Don’t fear “the one” trade secret


We often meet people who are concerned that any list or catalog of trade secrets might be incomplete and not contain “the one” valuable trade secret that is critical for litigation. These people often suggest that doing “nothing” is better than imperfectly doing “something”. This is driven out of fear that a defendant in a trade secret lawsuit could argue that since “the one” was not in the catalog or list, it is therefore not a trade secret.

We strongly advocate that companies develop and run a trade secret process appropriate for their situation, industry sector, and risk environment, rather than randomly or haphazardly paying attention to their trade secret assets in an ad hoc fashion.

Rather than being paralyzed by “the one” perfectly, here are some observations on how to do “something” well.

Dark Forest photo by Sergiu Baica on

Policies and procedures set the stage

At the onset, having clear trade secret policies and procedures can go a long way towards demonstrating your “reasonable measures” in protecting trade secrets.

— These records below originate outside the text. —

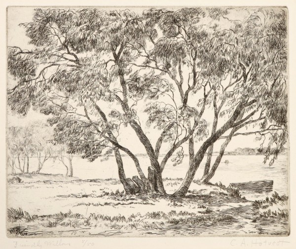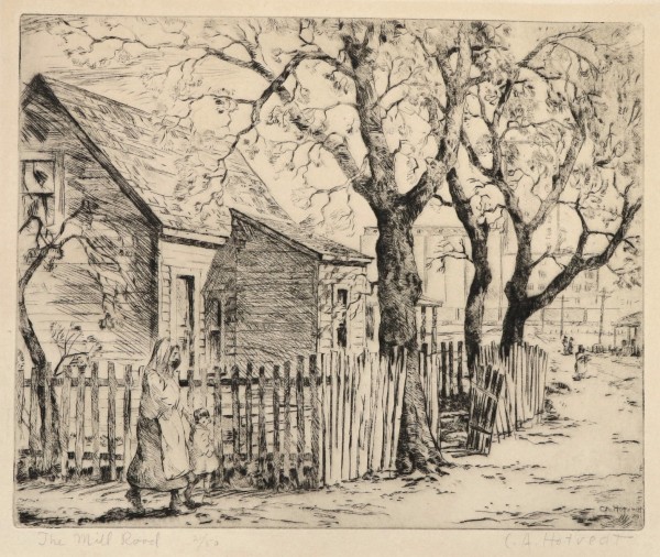 (1900-1991) Born in Eau Claire, Wisconsin, Clarence Hotvedt was both a painter and etcher. After studying in Minnesota, Chicago, and New York, he moved to Wichita, Kansas, to work for Western Lithograph Co with C.A. Seward, where years later he became Art Director. Hotvedt, in a chance meeting on the street with fellow student Edmund Kopietz, learned that Seward had a job opening. Clarence was also the first paid instructor at the School of the Wichita Art Association in 1924. His work primarily focused on the Midwest and much later, historic buildings of Wichita. Although he worked in aquatint, lithograph, block printing, etching, oils and watercolors, Hotvedt was best known for his drypoint work. Clarence belonged to the Prairie Print Makers (Charter Member); Wichita Art Guild; California Printmakers; Allied Artists of Ft. Worth; Kansas Watercolor Society.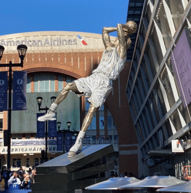 谈到诺维斯基的雕像正式揭幕,詹姆斯表示:我认为德克是史上最伟大的国际球员,我认为他跟吉诺比利是一个档次的,他是个冷血杀手,他彻底改变了4号位的打法,德克非常棒,这毋庸置疑。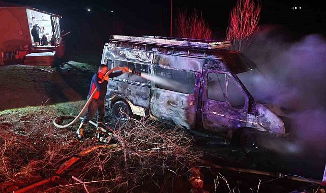 Iğdır'ın Tuzluca ilçesine bağlı Katırlı köyünde, muhtar Hanifi Kızıltaş'a ait köy servisi ve öğrenci servisi olarak da kullanılan minibüs gece saatlerinde henüz bilinmeyen bir nedenle alev aldı. Kısa sürede büyüyen yangın çevrede paniğe neden oldu. İhbar üzerine olay yerine sevk edilen itfaiye ekipleri yangına hızlı şekilde müdahale ederek kontrol altına aldı. Olayda can kaybı ya da yaralanma yaşanmazken, araç kullanılamaz hale geldi. Yangının çıkış nedenine ilişkin inceleme başlatılırken, olayda kundaklama ihtimali üzerinde durulduğu öğrenildi. Yetkililer, yangınla ilgili geniş çaplı soruşturma başlattı.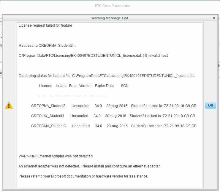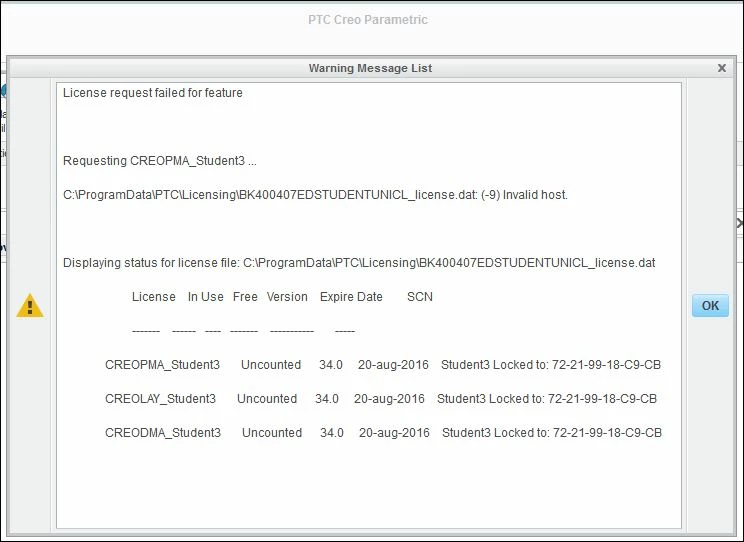 I then went to use the software a couple of days later and was denied access due to License Request Failure messages. Refer to attached screen shots (shown for PTC Creo Parametric, but also typical for Simulate, Direct and Layout applications)...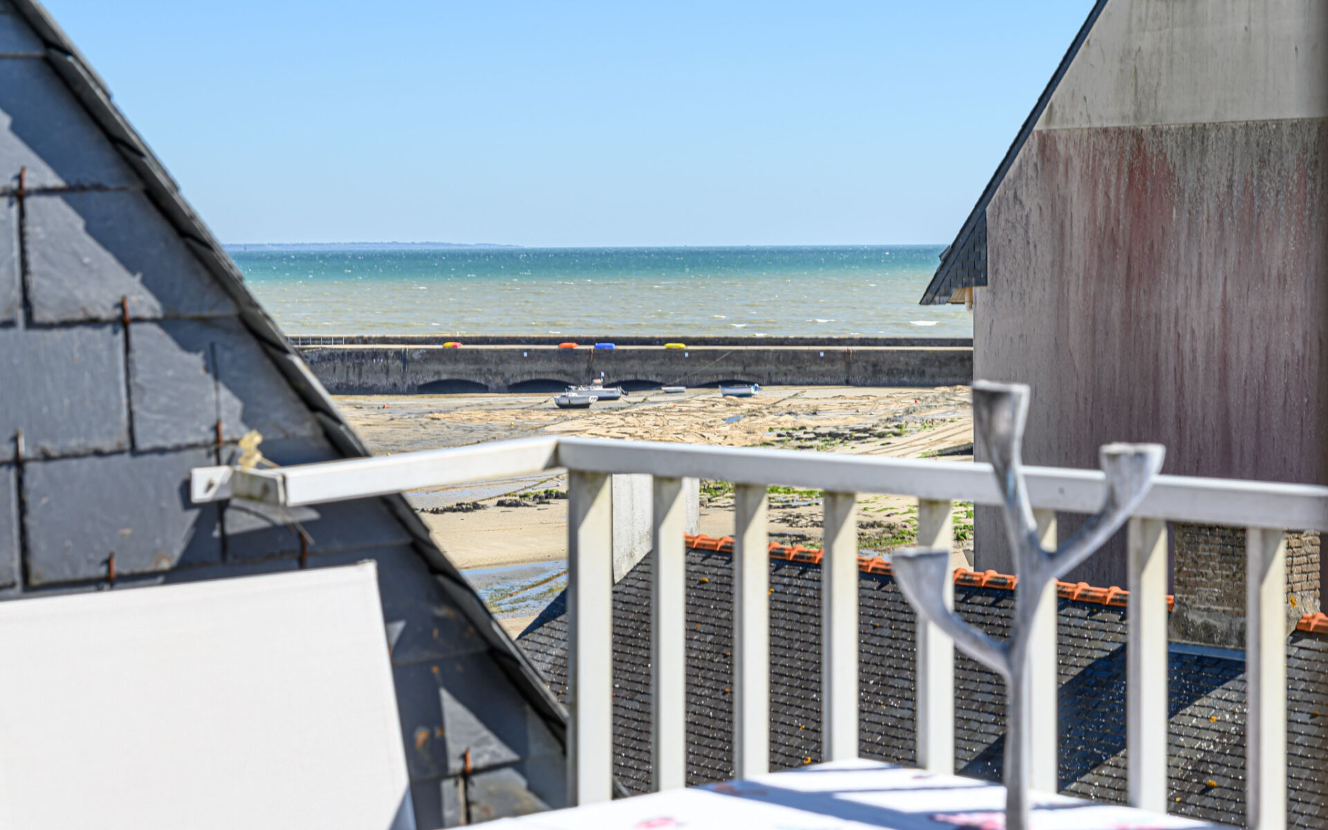 Au troisième niveau : une jolie chambre sous mansarde dotée d’une grande fenêtre de toit offrant également une magnifique vue mer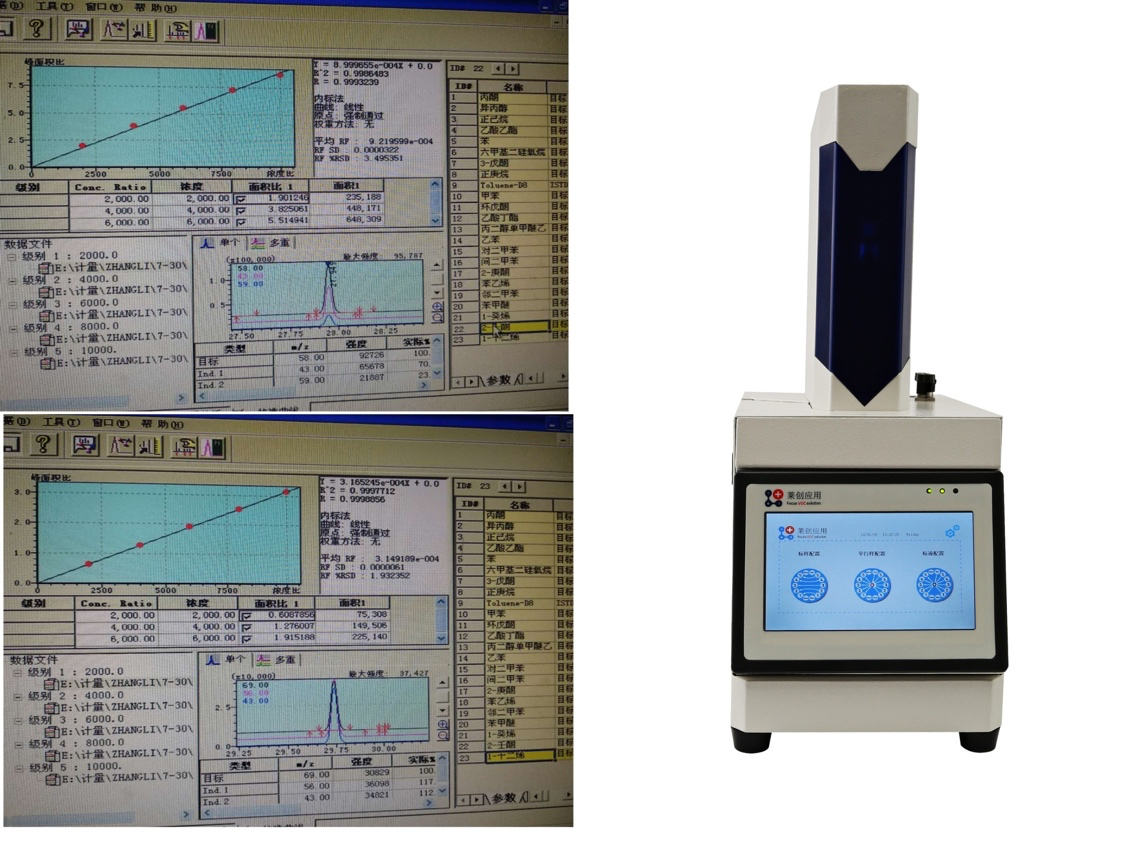 將已老化的 Tenax TA 吸附管,放置于熱脫附標樣制備儀中,設定相關參數,正己烷、苯及十六烷等 22 種混合標準溶液濃度:25ng/μL-1000ng/μL,進樣體積為 1μL,吹掃時間:2min,經 GC-FID 測試,實驗結果表明,采用ASP660 熱脫附標樣制備儀進行標準系列管制備,各個化合物獲得良好的線性關系 R2≥0.999(見圖 1),滿足相關法規及實驗要求。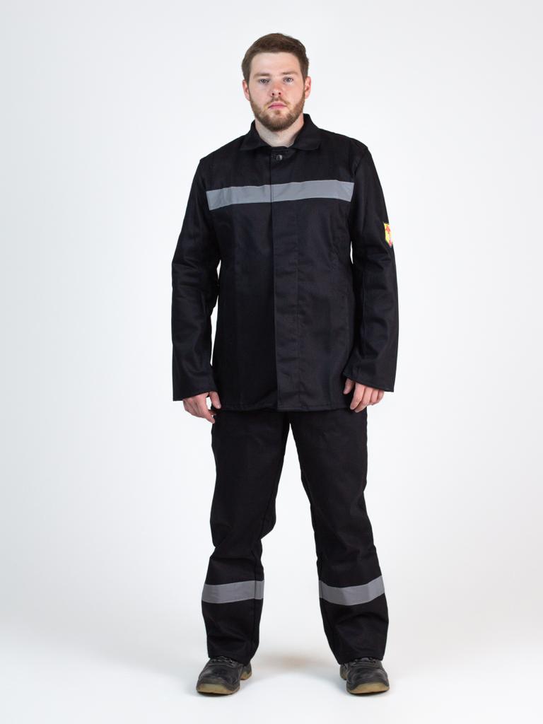 Куртка с супатой застежкой на петли и пуговицы. Полочки с усилительными накладками, с нижними карманами в швах притачивания усилительных накладок. Спинка с кокеткой, с вентиляционными отверстиями по шву притачивания кокетки. Рукава втачные, с усилительными накладками на верхних частях рукавов. Воротник отложной. Брюки с усилительными накладками на передних половинках брюк. И по линии груди и на спинке куртки, на передних и задних половинках брюк ниже колена располагается светоотражающая полоса.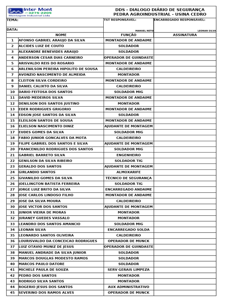 TEMA: TST RESPONSÁVEL: ENCARREGADO RESPONSÁVEL: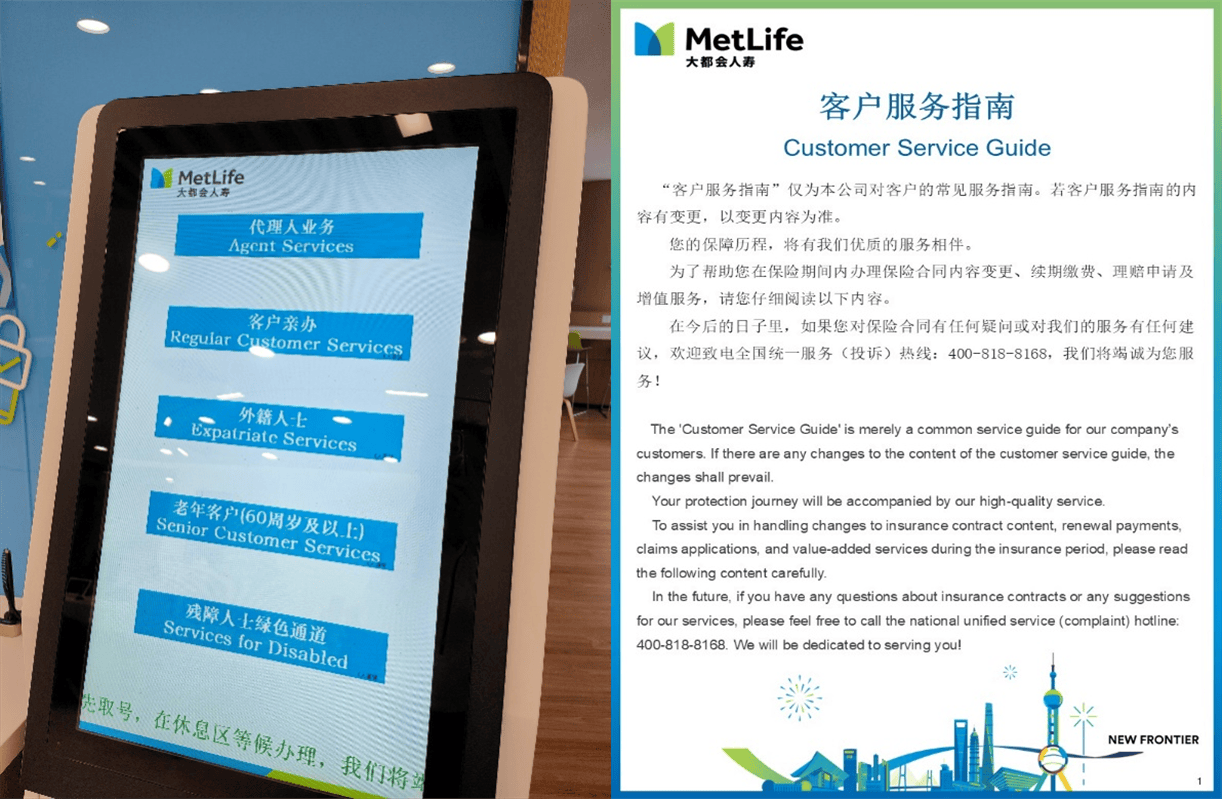 随着我国高水平对外开放持续推进,在华工作、学习、生活的外籍人士规模稳步增长,其对适配的金融保险服务需求日益凸显。大都会人寿立足“以客户为中心”的服务理念,持续完善服务流程,让外籍人士享受保险服务不会遇到语言沟通“肠梗阻”。据悉,大都会人寿柜面专门设置中英文显示的叫号机,并提供外籍人士专属服务通道,重点城市柜面配备中英双语服务专员,确保顺畅沟通。柜面还将摆放中英文版《客户服务指南》,帮助外籍人士了解保险合同变更、续期交费、理赔申请及增值服务等服务内容。同时,大都会人寿全国统一服务(投诉)热线设置呼入英文留言语音导航,并安排英文专员回电,让外籍人士享受到便捷贴心的服务体验。

Educate your staff on these to lower your risk.

The standard is “reasonable”, not “perfect”

Both statutes and litigations require “reasonable measures”, not “perfect measures”. The fact that you got things 90%, 95%, or 99% right is not a bad thing – don’t feel like everything has to be perfect, because it never can be.

You can even indicate that your trade secret catalog is not comprehensive or is incomplete, as trade secrets come and go every day (every hour or minute?). It is impractical to guarantee that a catalog has every single trade secret, especially in a large organization.

How do you know your assets have been stolen if you don’t know what they are?

If you have a lot of jewelry at home, but have no idea what is in your collection, how will you know if one piece (or many) get stolen? You won’t! Trade secrets are the same way. Courts are increasingly requiring specificity and particularity in identifying your trade secrets you wish to protect. Having a vague hand-waving understanding of your assets is not enough anymore.

Trade secret misappropriation rarely involves one single document

The most typical scenario for trade secret misappropriation is when a soon-to-be ex-employee downloads thousands of files immediately before resigning their job to join a competing company. It’s rare that they only take one single trade secret with them. The chance of “the one” trade secret that the owner did not list or catalog being the only asset that was taken is quite low.

Show me the money (OK, the case law) We are not aware of any litigation that required perfection, and where the plaintiff lost because they didn’t catalog “the one.” If you know of any, please let us know.